---- DATASET EXCERPTS

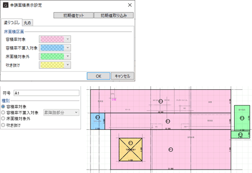 「申請面積」で使用する床面積区画の塗りつぶしや、距離・面積などの小数点以下桁数と丸め方法を設定します。図面・GLOOBEシートの確認申請図の作図表現としても使用できます。
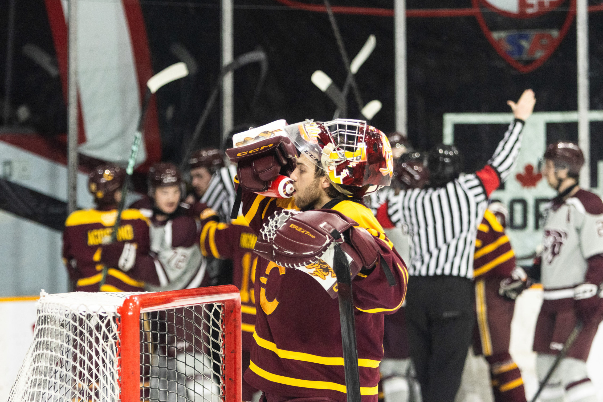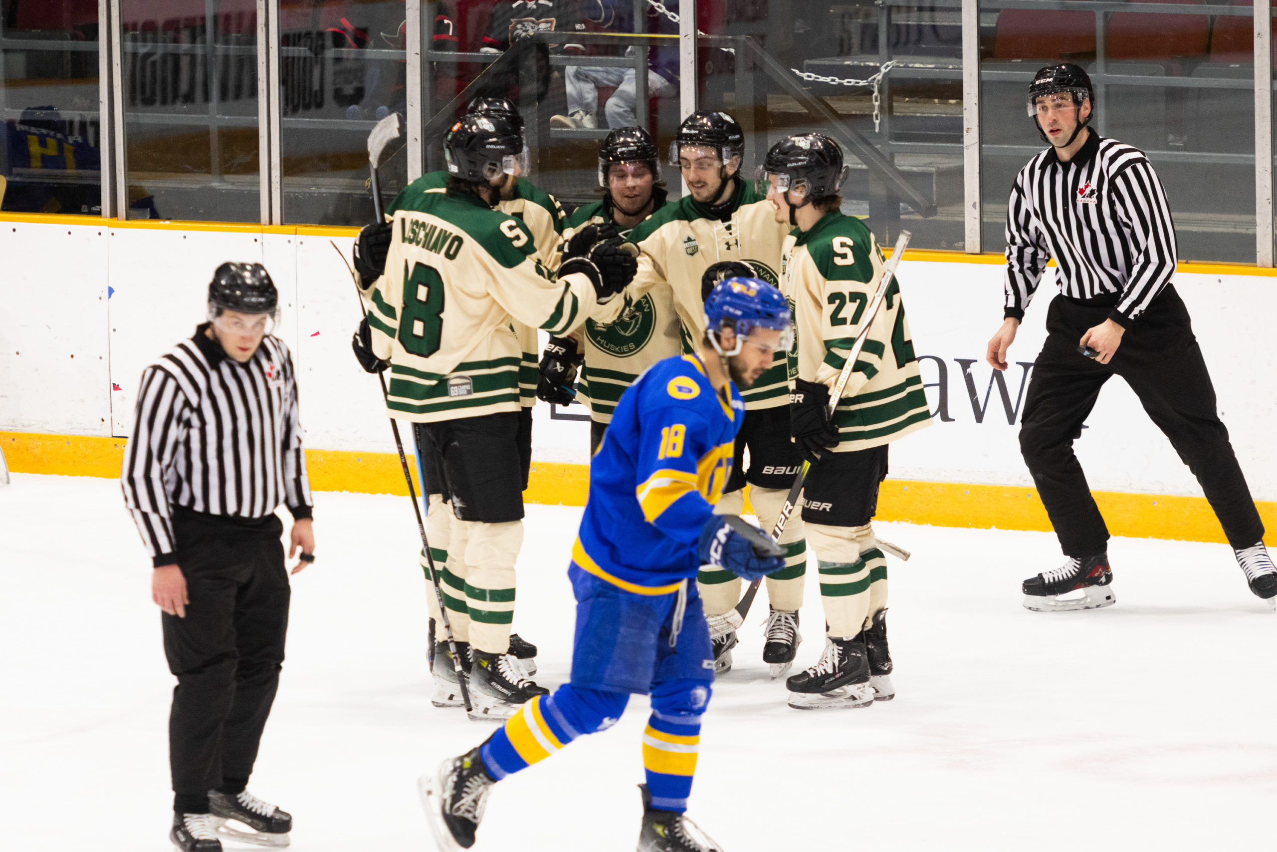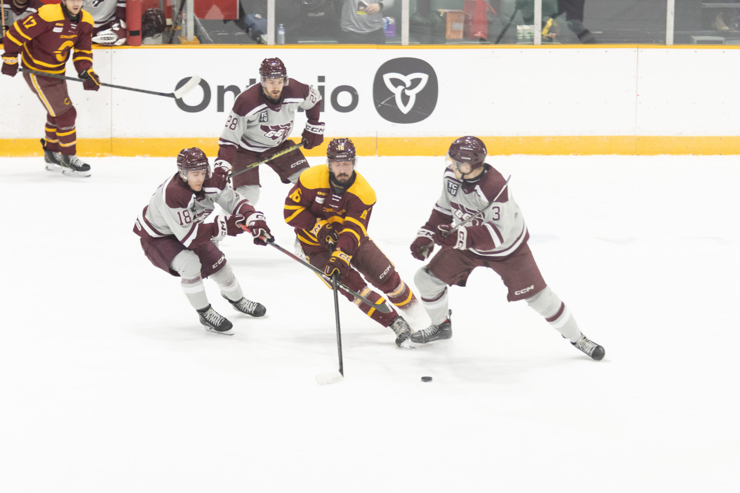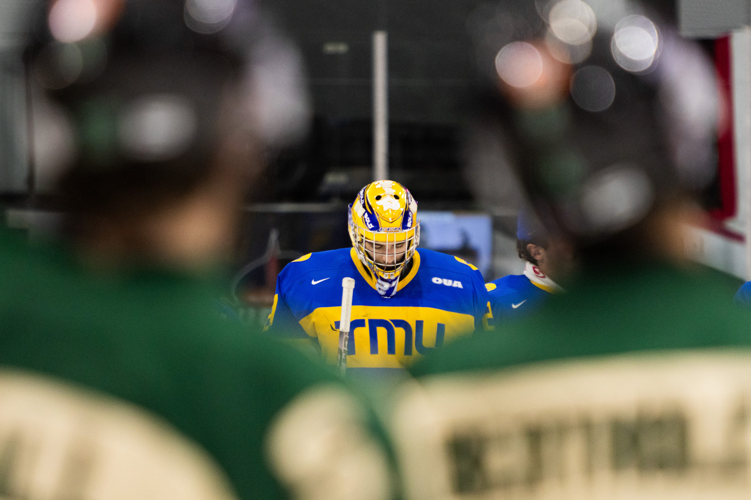 Mount Royal took the lead through third-year defenceman Clay Hanus’ goal on the power play, but third-year defenceman Jaden Condotta responded with an equalizer in similar style. The Cougars built a 3-1 lead, and after a third-period goal, they extended their lead to 4-2. TMU responded by tying the game with goals from third-year forward Ian Martin and second-year forward Daniil Grigorev.
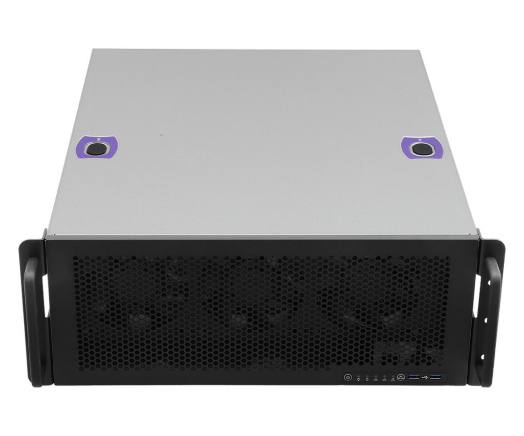 Panel depan dilengkapi tombol power dan reset, indikator LED untuk status daya, LAN1/LAN2, kegagalan sistem, serta HDD. Tersedia juga dua port USB 3.2 Gen 1 Type-A. Untuk penyimpanan internal, workstation ini menyediakan dua slot drive 2.5 inci, satu slot M.2 M-key (PCIe 5.0 x4) mendukung ukuran 22110/2280/2260, serta satu slot M.2 M-key (PCIe 4.0 x4) mendukung ukuran 2280/2260.
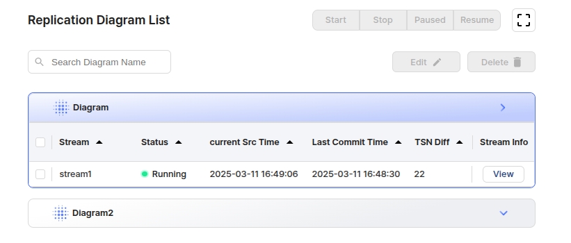 Delete: Replication Diagram 에 속해있는 Stream 을 지울 수 있다. 이 때, Replication Diagram 안에 어떠한 Stream 도 존재하지 않으면 Diagram 도 같이 삭제된다.
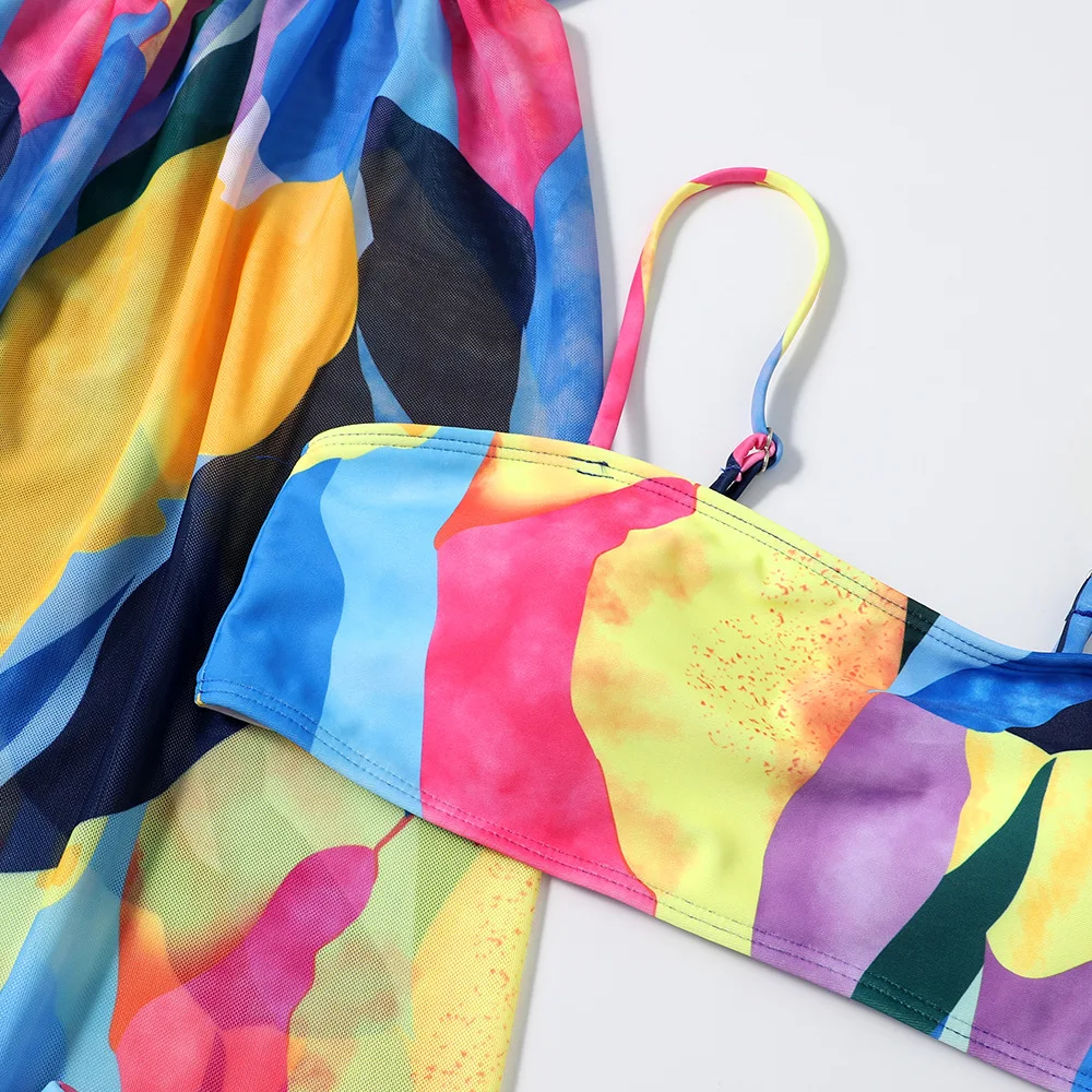 Женский комплект из 3 предметов, Пляжная блузка из сетчатой ткани, европейский и американский стиль, сексуальный весенний купальник
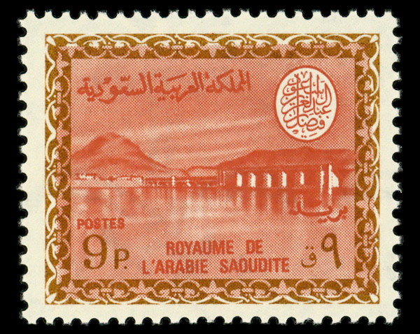 9333 496 image1976, 9p Wadi Hanifa Dam Faisal Cartouche (Scott 496), single, o.g., never hinged, Extremely Fine.
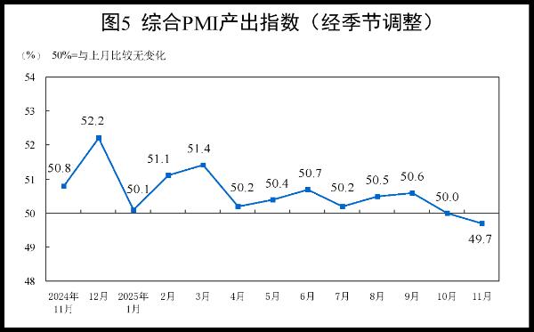 11月份,綜合PMI產(chǎn)出指數(shù)為49.7%,比上月下降0.3個(gè)百分點(diǎn)。
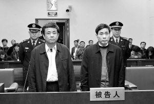 | 4月21日,被告人阙敬德(左)、张志琴(右)在被告席上听候判决。 新华社发 |
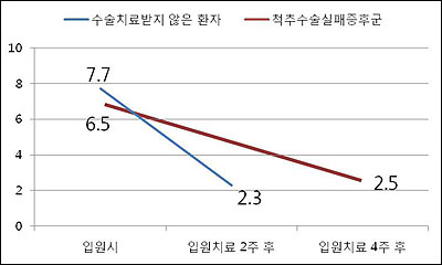 입원 전과 4주 치료 후를 비교분석결과, 단기간에 70% 이상의 통증이 감소돼 호전되는 효과를 나타냈다. 척추수술 실패증후군으로 허리통증과 다리저림, 하지방사통 등이 지속되고 일상생활을 유지하기 힘들 때 모커리한방병원의 입원집중치료를 시행한 결과 단기간에 허리통증은 평균 6.5에서 2.5로, 하지방사통은 6.0에서 2.0으로 감소돼 70% 정도 호전됐다.
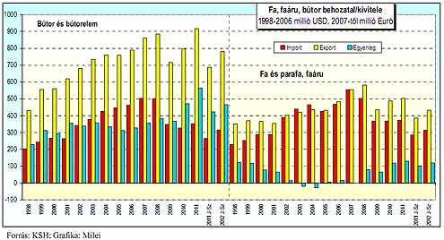 A fa alapanyagok 2012 I-III. negyedévi külkereskedelmi forgalma pozitív 2012. január-szeptemberben a bútor és bútorelem behozatal 21,3%-kal bővült. Az árucsoport kivitele a vizsgált idő szakban 21,9%-kal emelkedett az egy évvel korábbihoz képest. Az árucsoport egyenlege 20 milliárd forinttal kedvező bben alakult, mint az előző évben.
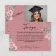 Carte De Remerciements Modern Pink Roses Script Graduation Photo
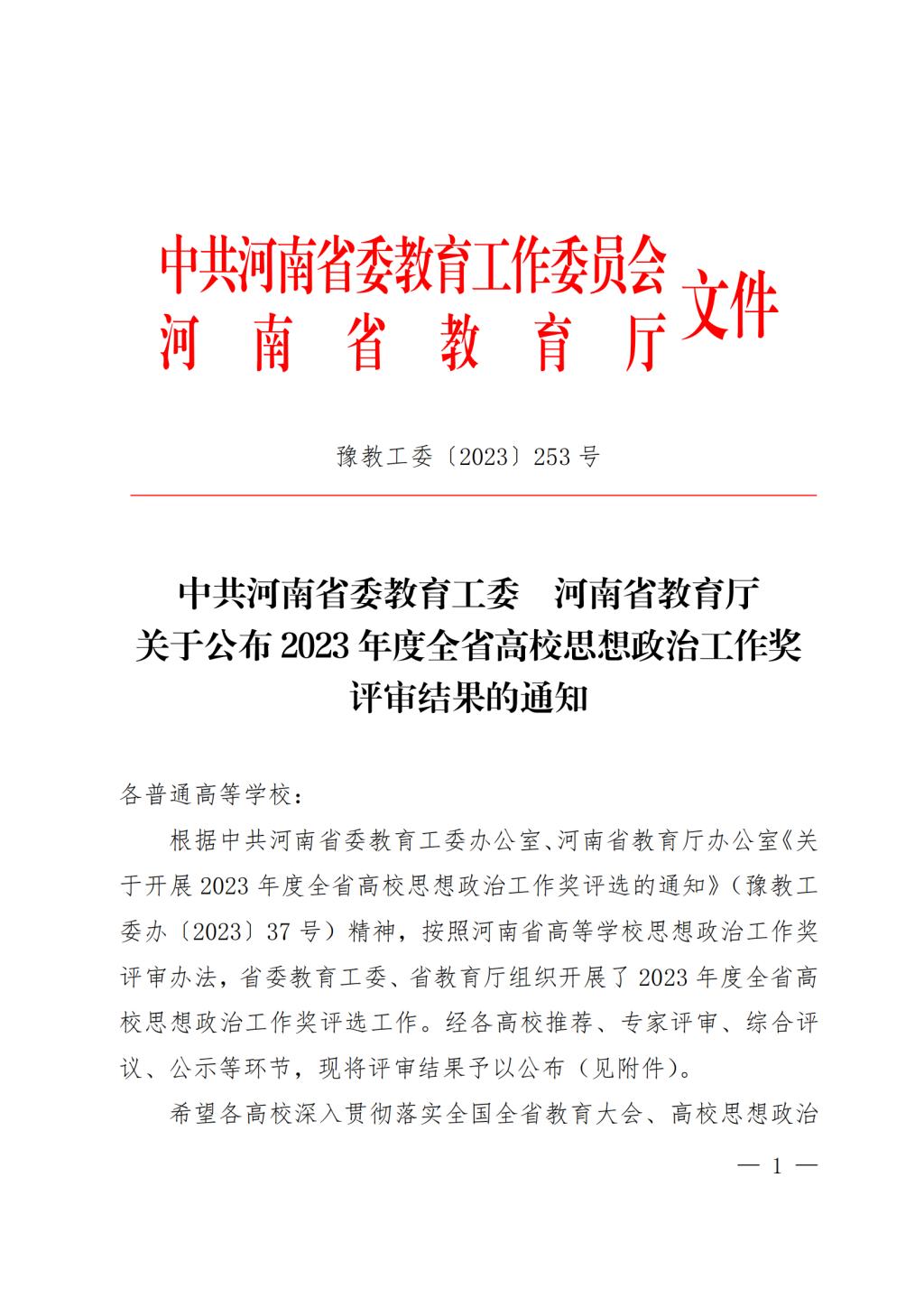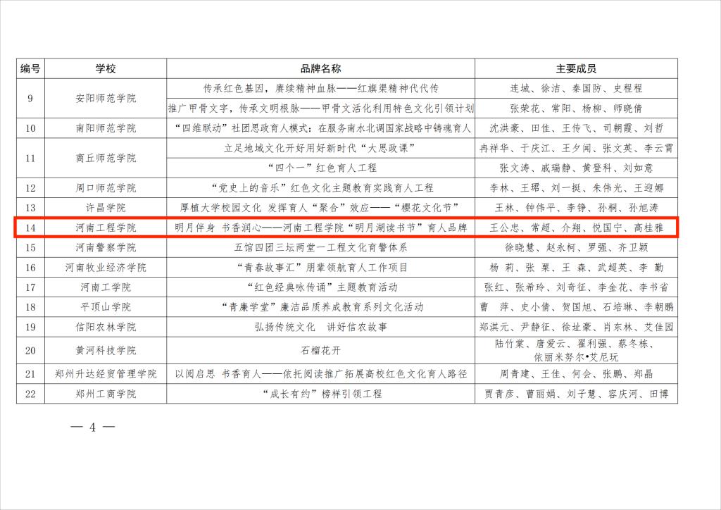 近日,由中共河南省委教育工委、河南省教育厅组织开展的2023年度全省高校思想政治工作奖评选结果揭晓,我校图书馆申报的《明月伴身 书香润心—河南工程学院“明月湖读书节”育人品牌 》荣获“河南省高校思想政治工作优秀品牌”,此项目成功入选是图书馆在思想政治工作品牌创建上的新突破,也是学校在高校思想政治工作领域项目申报取得的新成绩。
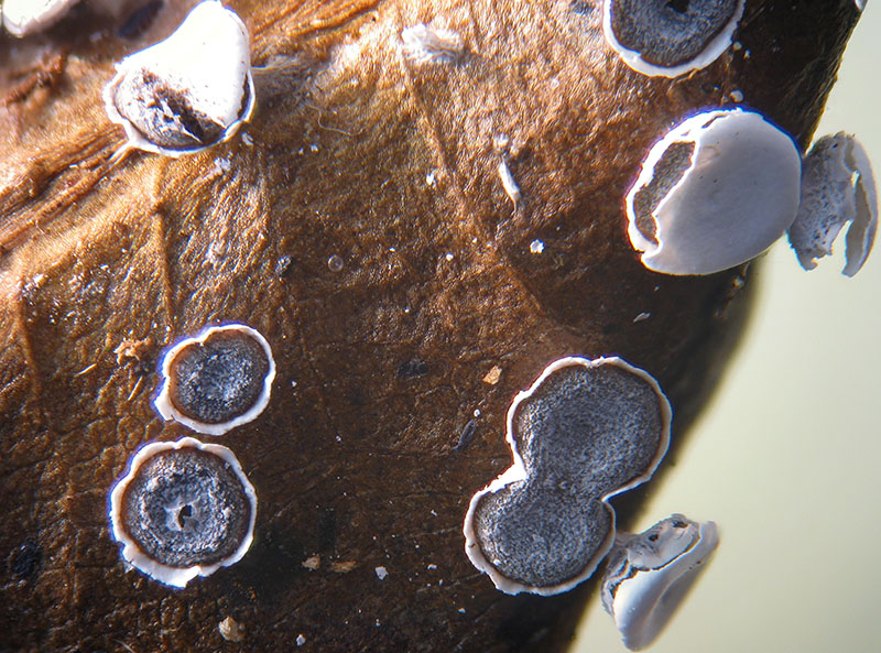 Dai boschi igrofili attorno al Lago di Varese, ieri; la foto sopra a 20x misura i soliti 7x5 mm e sull'identificazione della specie non credo possano esserci dubbi. Il Mixomicete si è sviluppato sulla lettiera di foglie del sottobosco e su qualche stelo verde erbaceo. Le prossime immagini misurano tra 2,5x2 mm e 3x2,5 mm:
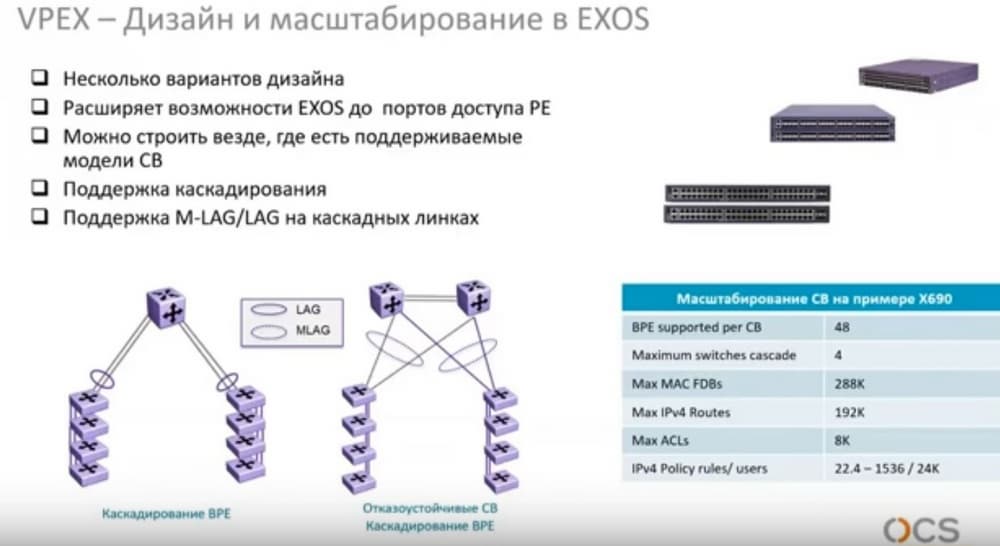 Теперь несколько слов о VPEX. Коммутаторы 5520 могут быть Control Bridges для VPEX. Это выносные коммутаторы Extreme Networks, которые в головном коммутаторе будут видеться как обычные порты. При этом можно подключать коммутаторы кольцом до 4 устройств и резервировать соединения из разных выносных линейных карт. В головном коммутаторе это будет видно как его личные порты, что весьма удобно. Однако, надо заметить, что это работает только под управлением операционной системы EXOS. В одной «железке» может быть до нескольких тысяч портов с единым местом управления.
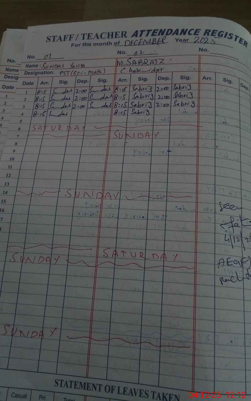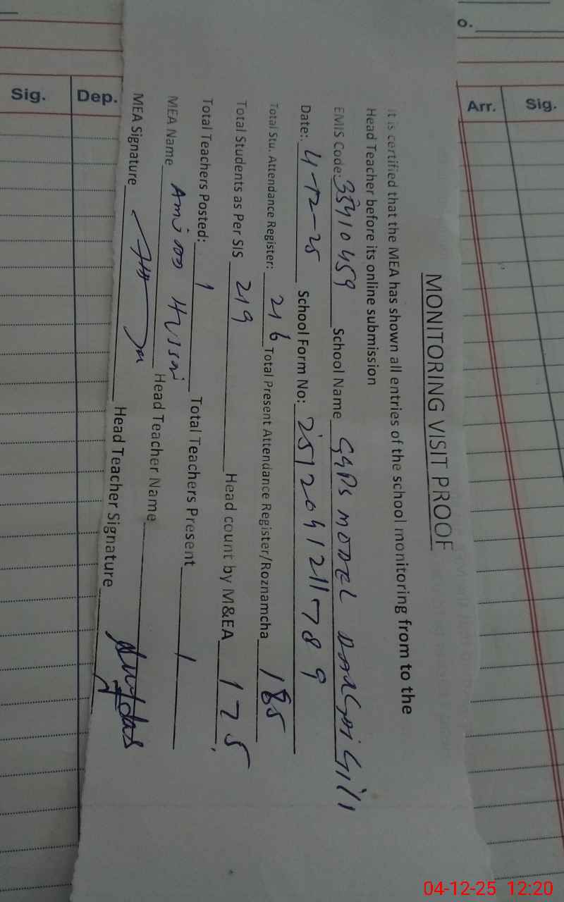 | Attendance Register | Head Teacher | MEA with School | Visit Proof |
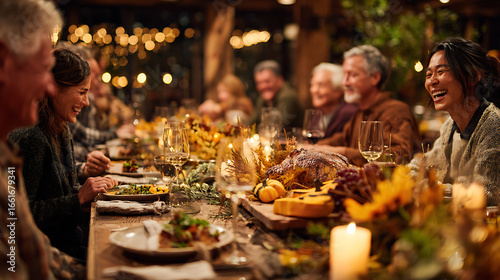 Autumn - themed Thanksgiving table with extended family sharing laughter over vegetarian stuffed squash, in a rustic home with warm golden lighting, a perfect celebration scene.
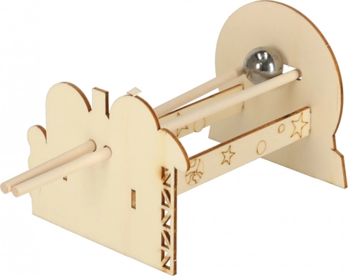 Drewniana katapulta z metalową kulką pokazuje dzieciom zasady energii potencjalnej i kinetycznej oraz wpływ grawitacji na tor lotu. Idealna do bezpiecznych domowych doświadczeń.
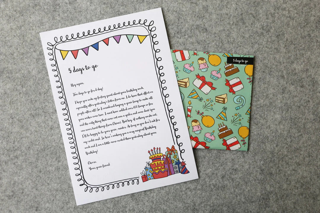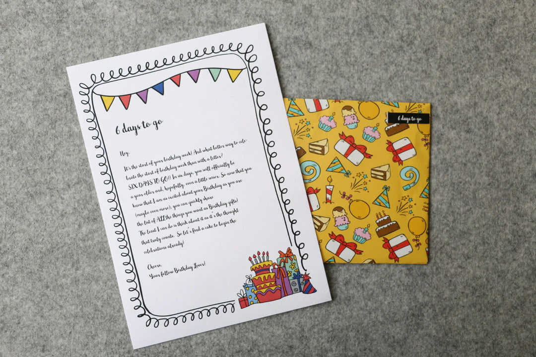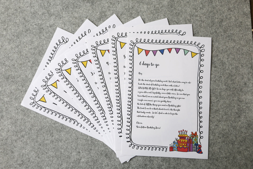 Each letter is numbered so that they can open the first letter 6 days before their Birthday, the second letter 5 days before and so on. You can choose to have the entire bunch sent to the special one or hand one letter yourself each day!
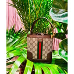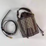 Gucci heritage meets contemporary design with the continuation of Ophidia. With its two archival details, the Web and the Double G hardware, the line takes on new shapes and dimensions in the Pre-Fall collection. This vertical men’s shoulder bag presents the two House emblems atop the classic beige and ebony GG Supreme canvas, complete with drawstring closure.

--------

- _ABOUT THIS TASK_:
Your reply should hold nothing but the lines above, from the one containing "Mount Royal took" to the one containing "Panel depan dilengkapi", reproduced exactly minus the pictures.

- _RESPONSE TO THIS EXERCISE_:
 Mount Royal took the lead through third-year defenceman Clay Hanus’ goal on the power play, but third-year defenceman Jaden Condotta responded with an equalizer in similar style. The Cougars built a 3-1 lead, and after a third-period goal, they extended their lead to 4-2. TMU responded by tying the game with goals from third-year forward Ian Martin and second-year forward Daniil Grigorev.
 Panel depan dilengkapi tombol power dan reset, indikator LED untuk status daya, LAN1/LAN2, kegagalan sistem, serta HDD. Tersedia juga dua port USB 3.2 Gen 1 Type-A. Untuk penyimpanan internal, workstation ini menyediakan dua slot drive 2.5 inci, satu slot M.2 M-key (PCIe 5.0 x4) mendukung ukuran 22110/2280/2260, serta satu slot M.2 M-key (PCIe 4.0 x4) mendukung ukuran 2280/2260.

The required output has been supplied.